How to end the First Home Buyers' Strike without a recession
Property owners face a fork in the road, writes Gavin R. Putland.
The most tax-effective way to spend a spare million, said Julian Disney to Ray Moynihan (Crikey, Apr.1, item 19) is to “buy a much more expensive house than you need” or renovate one “within an inch of its life,” whereas if you don't have a spare million, “the second best option is to borrow and negatively gear. Increasingly houses have become tax shelters, rather than real shelters.”
Renovation is made artificially attractive by high stamp duty and concessional taxation of capital gains. As Joe Boswell put it in his follow-up letter, stamp duty imposes a “crushing fine” of “over half a year's salary” if you trade up, but not if you renovate your current address. And the capital gain following such renovations is tax-free. Meanwhile the negatively-geared investor sacrifices fully-taxed income in favour of concessionally-taxed capital gains.

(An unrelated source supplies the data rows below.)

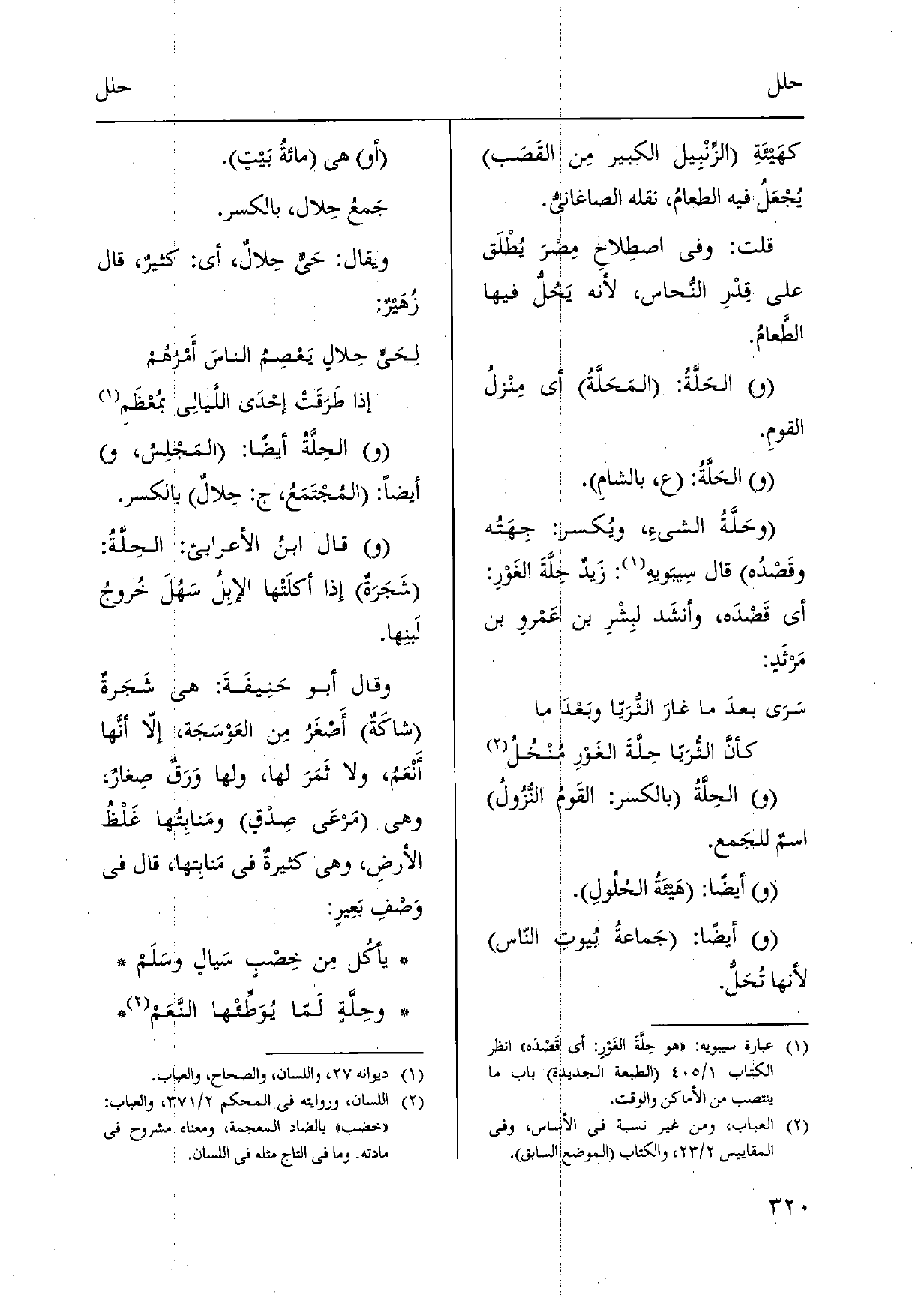 كهَيئَةِ الزِّنْبِيل الْكَبِير مِن القَصَب يُجْعَلُ فِيهِ الطعامُ، نَقله الصَّاغَانِي. قلت: وَفِي اصطِلاح مِصْرَ يُطْلَق على قِدْرِ النُّحاس، لأنَه يَحُلُّ فِيهَا الطَّعامُ. (و) {الحَلَّةُ:} المَحَلَّةُ أَي مِنْزلُ القومِ. (و) {الحَلَّةُ: ع، بالشامِ.} وحَلَّة الشَّيْء، ويُكسر: جِهَتُه وقَصْدُه قَالَ سِيبَويهِ: زَيدٌ حِلَّةَ الغَوْرِ: أَي قَصْدَه، وأنشَد لبِشْرِ بن عَمْروِ بن مَرثَدٍ: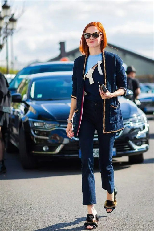 除了可以搭配連體裙,也可以是半身裙,要回避超短裙、緊身裙,還很適合搭配西褲、直筒褲。和針織內(nèi)搭成套搭配也很符合古典風(fēng)格端莊沉穩(wěn)的氣質(zhì)。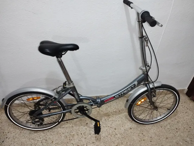 Detalles del productoBicicleta plegable de aluminio seminueva, neumáticos y cambios nuevos. marca Street en color gris. Ideal para desplazamientos urbanos y fácil de guardar.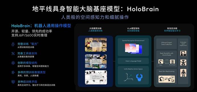 地平线的生态愿景并未止步于汽车。余凯指出,地平线已成为中国最大的消费类机器人计算平台,旗下“地瓜机器人”生态已连接超100家合作伙伴与10万余名开发者,上市产品超过100款,涵盖家庭服务、陪伴娱乐、影像创作等多个领域。为迎接更广阔的具身智能时代,地平线在大会上正式发布了两大开源基座模型:专注于运动智能、让机器人“学会像人一样行动”的具身智能小脑模型HoloMotion;以及致力于赋予机器人拟人化空间感知与操作规划能力的具身智能大脑模型HoloBrain。这些开源举措,旨在降低机器人开发门槛,汇聚全球开发者智慧,共同启迪具身智能的未来。
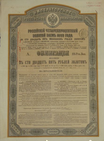 Emprunt Russe 4 % Or de 1889 - 125 Rbl Or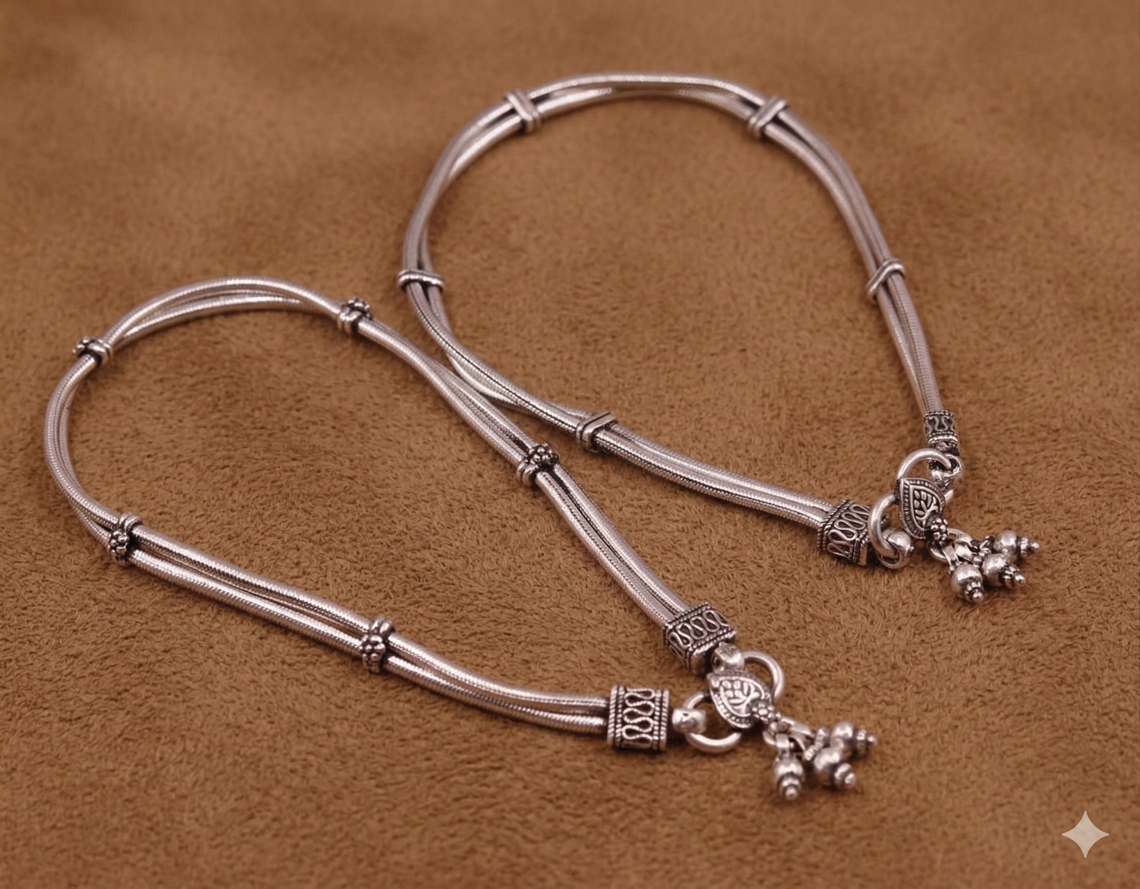 Perfect for weddings, festivals, pooja occasions, or everyday ethnic wear, this payal brings a regal charm to every step. The oxidised silver finish adds depth and antique elegance, making it a standout accessory for the modern Indian woman who appreciates traditional craftsmanship.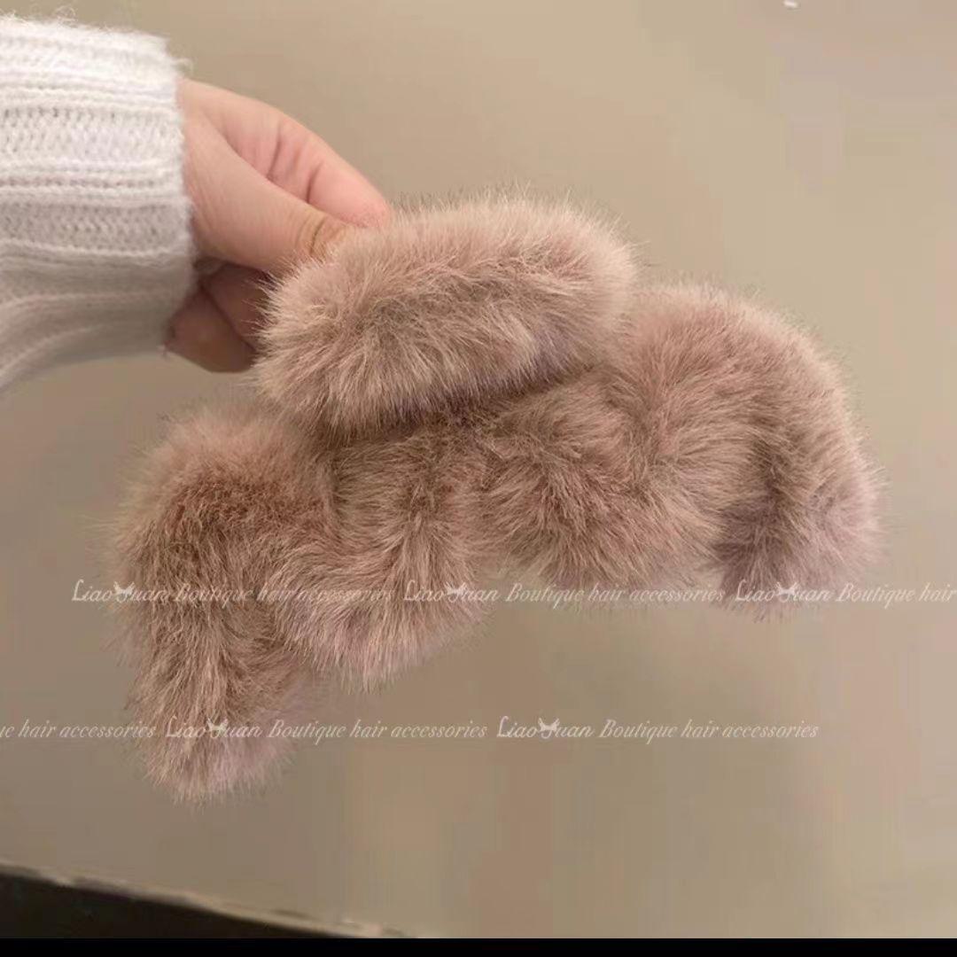 Outono e inverno elegante cocar de grampo de cabelo elegante clipe de pelúcia feminino 2023 novo clipe de tubarão grande nicho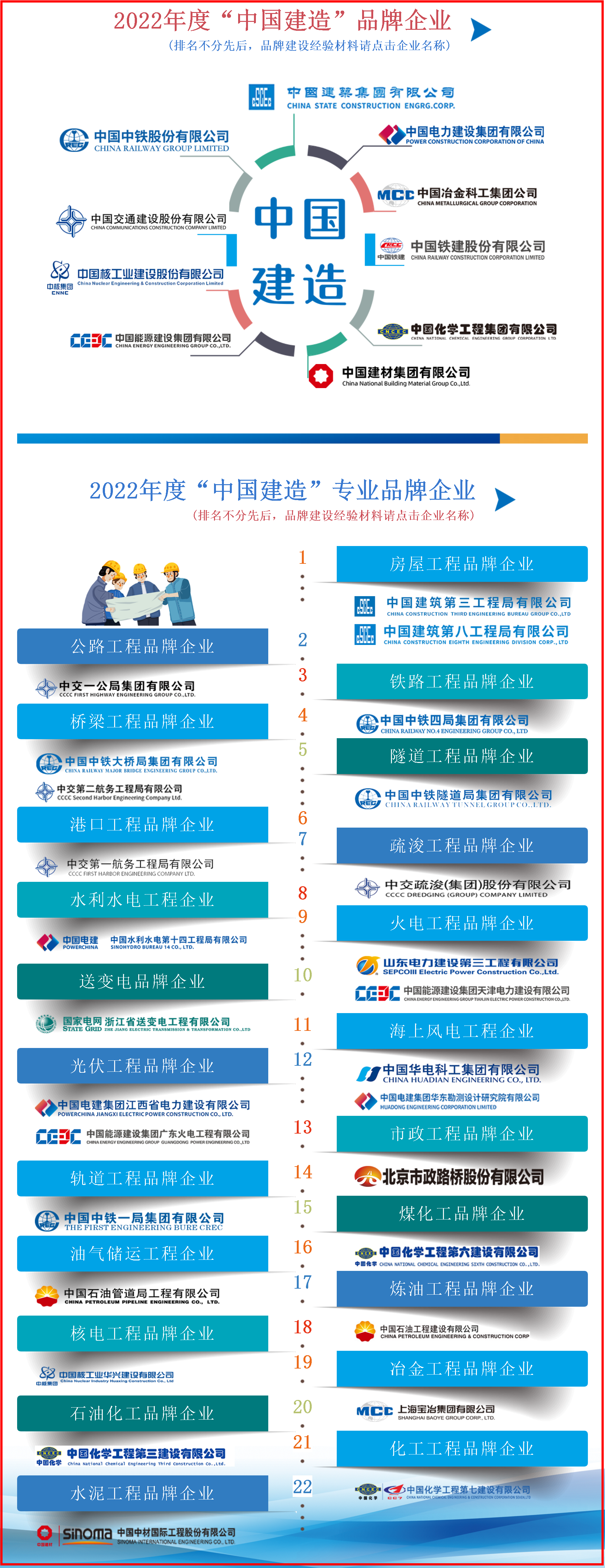 中國施工企業管理協會深入踐行新時代品牌強國戰略,在第6個中國品牌日到來之際,組織開展了一系列工程建設企業品牌建設宣傳活動。5月5日,專門下發《關于加強工程建設企業品牌建設的指導意見》,5月9日,下發《關于開展工程建設企業品牌建設宣傳活動的通知》,著力提升工程建設企業品牌建設能力。 協會結合行業實際,重點在房屋工程、公路工程、鐵路工程、橋梁工程、隧道工程、港口工程、疏浚工程、水利水電工程、火電工程、送變電工程、海上風電工程、光伏工程、市政工程、軌道工程、煤化工工程、油氣儲運工程、煉油工程、核電工程、冶金工程、石油化工工程、化工工程、水泥工程等領域,遴選一批在品牌建設上具有代表性、先進性、引領性的專業品牌企業,將其經驗做法在協會官網設置“中國建造品牌宣傳”專欄刊發,供全行業學習借鑒。

Renovating your current home does not add to the supply of accommodation. Neither does negative gearing if you simply buy an existing dwelling, as more than 90 percent of negative-gearers do. Negative gearing has no counterpart for an owner-occupant, who gets no deduction for the margin by which the interest cost exceeds the rental value of the home. Hence owner-occupants have trouble competing with investors. And of course first-time buyers have trouble competing with repeat buyers who can cash in untaxed or concessionally-taxed capital gains. As many commentators have warned, the pursuit of such gains has led to a gargantuan bubble. All these causes have converged to price first-time buyers out of the market, as the following graph shows.
Little wonder that Prosper Australia (the author's employer) got so much traction through GetUp! by calling for a “strike” by first home buyers. While part of the intention was to dissuade young people from losing their shirts, the number of people actually influenced by the “strike” call was minimal; most of the “strikers” were already locked out of the market, and knew it.
Even so, as Michael Matusik commented on Moynihan's report, “if house prices crash, unemployment will rise and very sharply”. That's because the fall in collateral values would cause a credit crunch affecting the entire economy.
Can the demands of the “strikers” be reconciled with the need to avoid a price crash? Yes — by broadening the “strike” to include not only first-time buyers but also sellers and repeat buyers, thus turning it into a “stamp-duty strike”.
First-time buyers need prices to fall relative to their spending power. That requirement can be met by a permanent increase in spending power — for example, by abolishing stamp duty as we know it. If the increase in spending power occurs while the market is crashing, it can arrest the crash. If, in addition, the forgone revenue is replaced by taxing (real) capital gains with no grandfathering — for example, through a “vendor stamp duty” imposed by the States — then the reduced attractiveness of capital gains relative to current income will tend to suppress future bubbles. That's what it takes to avoid recession. Very conveniently, that's also what it takes to “break” a stamp-duty strike.
Property owners should warmly welcome such a reform at any time, because
- a tax on (real) capital gains, unlike the present stamp duty, cannot turn a profitable purchase-and-resale into a loss or magnify a loss, and
- if the State gets a “cut” out of uplifts in the value of land, it has the ability and the incentive to invest in infrastructure that causes such uplifts, so that property owners get uplifts that they would not otherwise get.
They should welcome it all the more at the present time, because it's better to pay tax on a capital gain than to make a capital loss. Yes, those are the options.